---
title: Playground
description: >-
  Use the Agent Observability Playground to test prompts interactively against
  any connected model provider and run experiments with evaluators from a
  browser-based interface.
breadcrumbs: Docs > Agent Observability > Playground
---

> For the complete documentation index, see [llms.txt](https://docs.datadoghq.com/llms.txt).

# Playground

{% callout %}
# Important note for users on the following Datadog sites: app.ddog-gov.com, us2.ddog-gov.com

{% alert level="danger" %}
This product is not supported for your selected [Datadog site](https://docs.datadoghq.com/getting_started/site.md). ({% placeholder "user-datadog-site-name" /%}).
{% /alert %}

{% /callout %}

The [Playground](https://app.datadoghq.com/llm/playground) is a browser-based interface for testing and evaluating LLM prompts. You can test a prompt with arbitrary input against any connected model provider, or load a dataset, attach evaluators, preview results, and save the configuration as a reproducible experiment—all without writing code.

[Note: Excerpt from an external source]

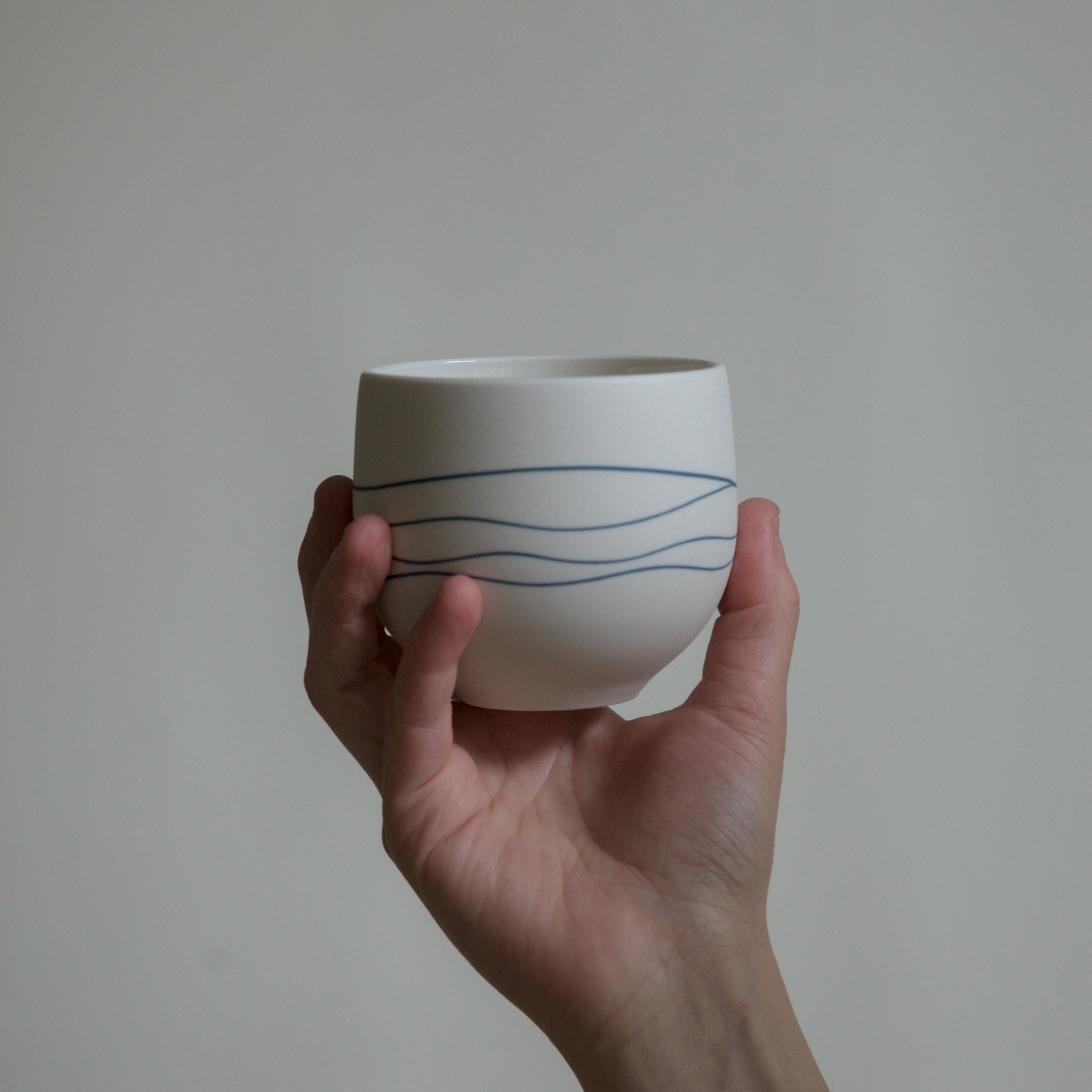 Each cup is wheel-thrown, with a pattern that forms naturally from the movement of the wheel, my hand, and the carving tool. The unglazed surface feels soft and tactile in your hand.

The Playground supports two flows:

- **Test a prompt with arbitrary input**: Send a single prompt with custom input values and inspect the model response.
- **Run an experiment from the Playground**: Run your prompt across a dataset, score each row with evaluators, and save the result as an [experiment](https://app.datadoghq.com/llm/testing/experiments).

## Prerequisites{% #prerequisites %}

Connect at least one model provider integration in [AI Observability > Settings > Integrations](https://app.datadoghq.com/llm/settings/integrations) before using the Playground.

Supported providers:

- OpenAI
- Anthropic
- Azure OpenAI
- Amazon Bedrock
- Vertex AI
- AI Gateway

## Test a prompt with arbitrary input{% #test-a-prompt-with-arbitrary-input %}

{% image
   source="https://docs.dd-static.net/images/llm_observability/playground/playground-arbitrary-input.3a645e480db8b217845d272acb794812.png?auto=format&fit=max&w=850 1x, https://docs.dd-static.net/images/llm_observability/playground/playground-arbitrary-input.3a645e480db8b217845d272acb794812.png?auto=format&fit=max&w=850&dpr=2 2x"
   alt="Agent Observability Playground showing a user message with {{category}} and {{approach}} variable placeholders and the model response in the output panel." /%}

Use Prompts mode to iterate on a prompt with a fixed set of inputs.

1. Navigate to [AI Observability > Playground](https://app.datadoghq.com/llm/playground).
1. Write your system and user prompts in the message editor. To parameterize inputs, use `{{variable_name}}` in any message.
1. Open the Model configuration panel using the top bar.
1. In the configuration panel, select a Provider, an Account and a Model.
1. (Optional) Click Edit Response Structure to request structured output from the model.
1. (Optional) Click Model Parameters to specify the parameters of the model.
1. (Optional) Click Add New next to Tools to add tool definitions in JSON function schema format. Use the provided examples (Weather, Web Search, Email, Stock Price) as starting points.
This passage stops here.